4.4 Problems with Numerical Differentiation

The results of the numerical differentiation are subject to error. In many cases, the error is very small, but some calculations may include large errors.

NOTE

The main reason why errors tend to be included in the results of numerical differentiation is due to “cancellation of significant digits”. In the calculation for “difference”, such as the center-difference approximation, the difference is taken from numbers of the same magnitude, but the number of effective digits decreases in the result of the calculation due to cancellation of significant digits.

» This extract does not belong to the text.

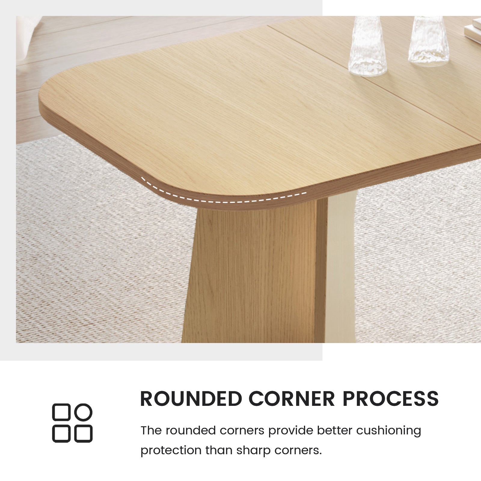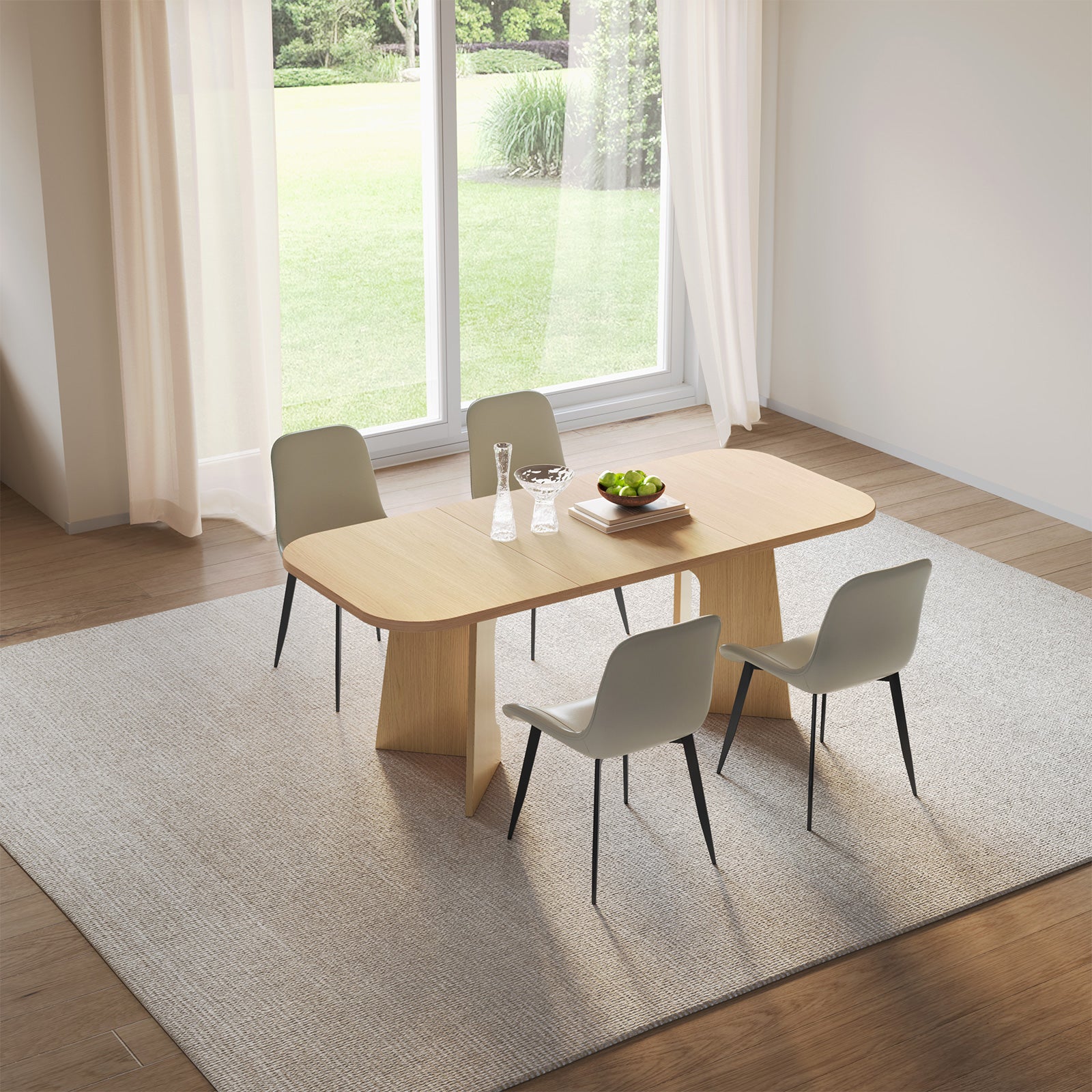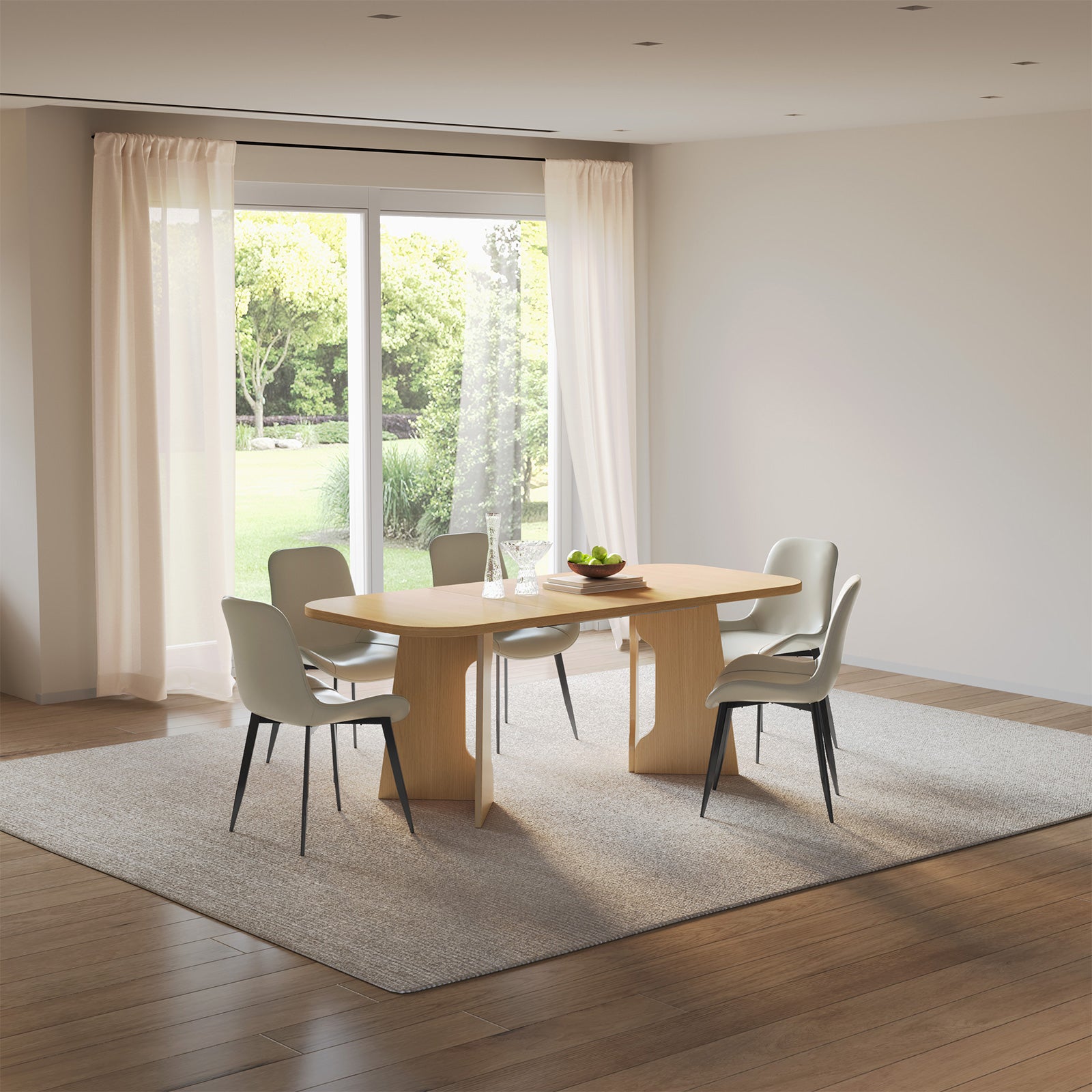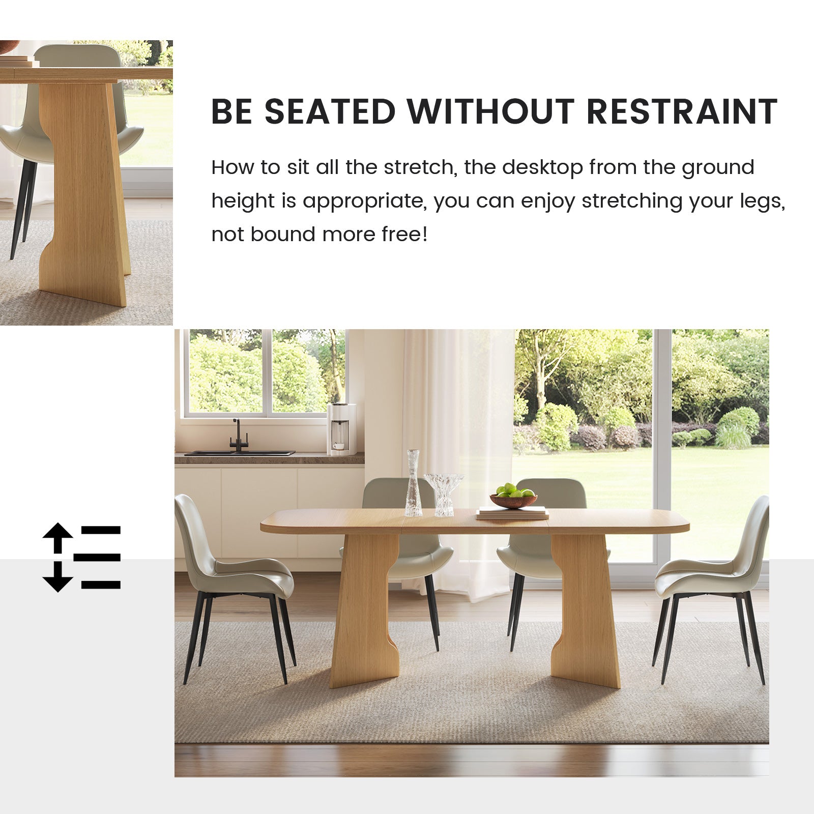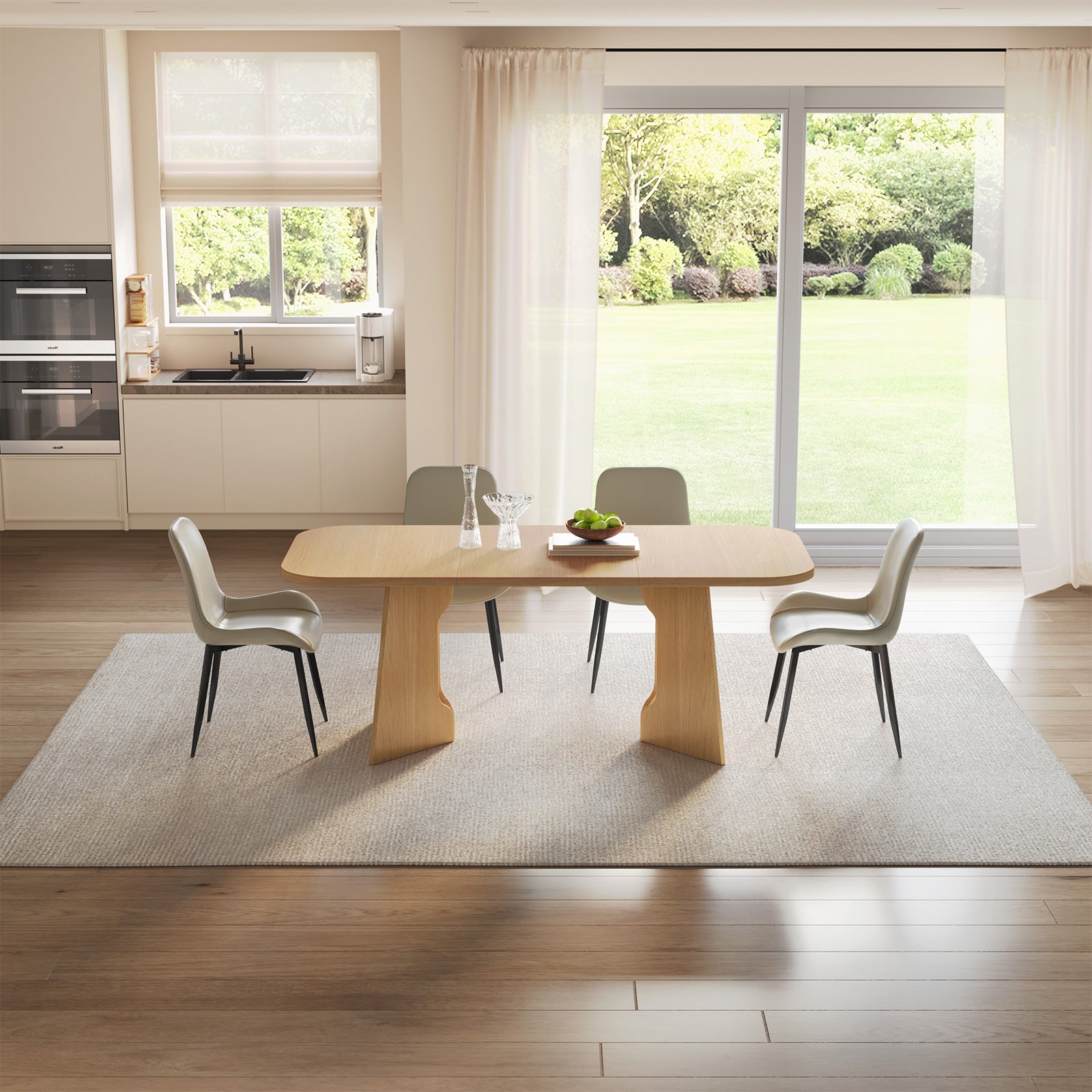 The natural wood finish and clean lines create a farmhouse aesthetic that blends rustic warmth with modern sophistication. Paired with 4-8 upholstered chairs, this dining set offers soft, breathable cushions for superior comfort, ideal for long conversations and mealtime enjoyment.

For example, let’s consider the calculation of \(1.234 - 1.233\) when the number of valid digits is 4 - subtraction of close values. The result will be \(0.001\) and the number of valid digits will be one. By the same principle, the calculation of the difference in the numerical derivative will cause the digits to fall off, so the error is more likely to be included.

A more serious problem with numerical differentiation is that it is computationally expensive. More specifically, if you want to find the derivative for multiple variables, you need to find the derivative for each variable. In neural networks, there are cases where the derivative is obtained for more than several million variables (parameters), and it is impractical to obtain the derivative of that number using a numerical differention. In its place is back-propagation. From the next step, we finally move on to back-propagation.

Note that the numerical derivative is easy to implement and gives the approximate correct value. Back-propagation, on the other hand, is a complex algorithm, and its implementation is easily riddled with bugs. So, to check the correctness of the back-propagation implementation, we will use the results of the numerical differentiation. This is called gradient check, which is a method of comparing the results of a numerical differentiation with the results of a back-propagation. The gradient check is implemented in “Step 10”.